Pour conclure, je souhaite faire un dernier constat, mais non des moindres : cette recherche permet de désessentialiser la maternité, ainsi que les compétences qui lui sont liées. En effet, si l’analyse du récit a pour fil conducteur la maternité à distance, elle permet aussi de questionner la maternité de manière plus générale et, dans une certaine mesure, de la dénaturaliser. En effet, comme évoqué précédemment, certaines femmes sont prêtes à renoncer à la maternité au profit de leur autonomie. Cela va donc à l’encontre de l’idée socialement véhiculée qui considère la maternité comme l’accomplissement ultime et naturel dans la vie d’une femme. De ce fait, certaines femmes, tout comme Isabel, doivent en redéfinir les normes afin d’en inventer une nouvelle forme, ce qui leur permet malgré tout de se vivre en tant que mères.
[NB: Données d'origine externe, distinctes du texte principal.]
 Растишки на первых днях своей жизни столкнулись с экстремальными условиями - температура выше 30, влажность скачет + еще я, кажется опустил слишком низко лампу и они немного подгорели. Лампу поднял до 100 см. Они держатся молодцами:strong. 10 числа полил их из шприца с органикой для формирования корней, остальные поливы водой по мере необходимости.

En définitive, la force de ce travail réside dans le fait qu’il montre qu’il est possible de vivre sa maternité à distance et qu’il existe d’autres formes de maternité ne correspondant forcément pas à la vision idéalisée et socialement admise.

4.2 Perspectives proposées

 

Si la subjectivité du récit de vie fait sa richesse et sa force, elle pourrait également être vue comme sa limite. Cependant, cette subjectivité est ce qui, par l’analyse, permet d’atteindre une généralité. Ferrarotti dit d’ailleurs : « Chaque narration autobiographique raconte, selon une coupe horizontale ou verticale, une pratique humaine. Or si “l’essence de l’homme (…) est dans la réalité, l’ensemble des rapports sociaux“ (Marx, VIe Thèse sur Feuerbach), toute pratique individuelle humaine est une activité synthétique, une totalisation active de tout le contexte social» (Ferrarotti, 2013, p. 52).
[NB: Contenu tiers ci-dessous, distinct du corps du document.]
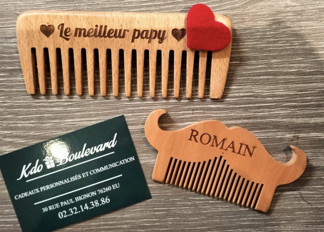 lot de 2 Peignes en bois personnalisable – Gravure sur-mesure (prénom, message ou motif)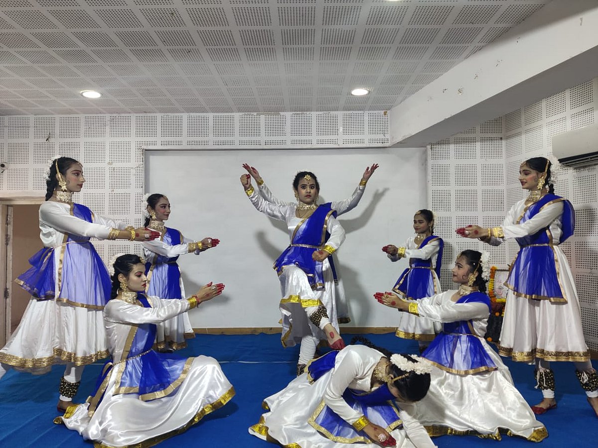 Eighteen artists from the Dhrupada Academy performed Bharatnatyam, Kathak and Mohiniyattam in solo duet and group performances at the feet of the Devi in the Kunti Mathur Auditorium, Vijay Nagar.

Concernant les perspectives de cette recherche, Bertaux affirme : « En mettant en rapport plusieurs témoignages sur l’expérience vécue d’une même situation sociale, par exemple, on pourra dépasser leurs singularités pour atteindre, par construction progressive, une représentation sociologique des composantes sociales (collectives) de la situation » (Bertaux, 1980, p. 36). Cette multiplicité des points de vue pourrait être explorée dans la continuité de ce travail, tout comme la possibilité de pouvoir interroger la fille d’Isabel. En effet, il serait très intéressant de savoir quel est son vécu émotionnel à elle et comment elle a géré cette relation à distance avec sa mère. Dans le même ordre d’idée, il aurait également été intéressant de connaître le point de vue des parents d’Isabel ainsi que celui de son mari.

Toujours selon cette perspective, il pourrait être intéressant d’interroger d’autres femmes migrantes vivant leur maternité à distance.

Par ailleurs, ma démarche pourrait s’appliquer à d’autres formes de maternité à distance dans des contextes tels que le milieu carcéral ou le placement d’enfant par exemple, ceci afin de découvrir à quels enjeux sont confrontées ces mères.